Group improvisation can be magical when all the stars align and the right people are matched. Add a live audience, and the whole thing may well rise into music of inspired and inspirational magnitude. To say that all this applies to this disc is not overstatement but a pretty down-to-earth description. Joe McPhee's keening tenor and Jeb Bishop's fat trombone tone are the melodic twins that spin and intertwine in enlightening ways, while bassist Ingebright Haker Flaten and drummer Michael Zerang stir the cauldron of ideas that steam up the quartet to telepathic compositional frenzy.
Five pieces are the result — three meaty, eloquent and full-developed movements, book-ended by a six-minute overture and an eight-minute coda. The cohesive thematic development and generally unified thinking that run through the whole session, a live date at Oslo's Victoria Theatre in February, 2009, make this a five-movement work of improvisational brilliance. Chicago-based improvisers Bishop and Zerang join New Yorker McPhee and Sweden's Haker Flaten in a complicity that couldn't be more intimate and well-meshed.
Right from the opening duo statement of sax and trombone that drifts, two-minutes in, toward a free-form rhythm section ramble with trombone solo, into which the sax leaps like a rampaging tiger, one senses that these guys can let loose as well as turn musical ideas as craftily and surprisingly as the most deft magicians. They also seem to speak complex musical ideas as if they were created by one mind.

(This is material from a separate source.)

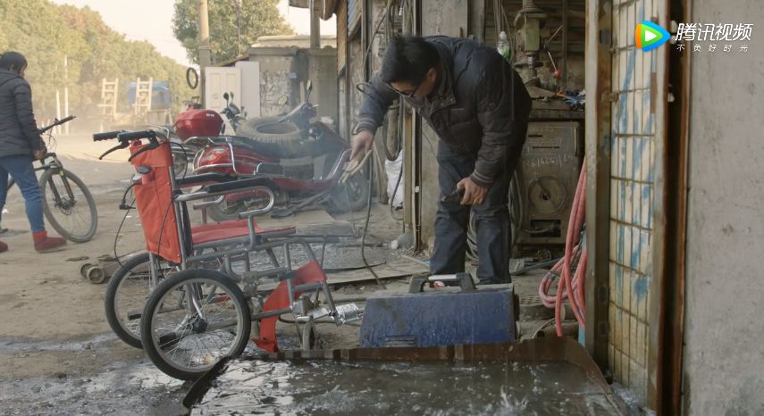 孩子的手术勉强算是做完了,爸爸亲手改造了轮椅,准备去火车站接女儿回厂里过年。

Along with the kaleidoscopic yet concordant musical ideas are the dramatic shifts in mood, from peaceful harmonious unity, to melancholic introspection, to fiery, no-holds-barred pouncing, sometimes all within a few minutes. The five pieces, as short as 6:48 and as long as 14:54, all work as self-contained movements, but the energy and vibe flow one into the other in an organic manner.
The sonic pallet is another remarkable feature, as each player is able to coax the comfortingly familiar beauty of their instruments' timbral qualities, but can equally surprise the listener with Promethean articulations (aided by the use of mutes in the case of Bishop's trombone). Part and parcel of these articulations is the unabashed and refreshing exploration of what used to be known as "extended techniques," but here, as in the best releases of contemporary creative improvisers, have become part of a poetically reinvented language that yields powerful results.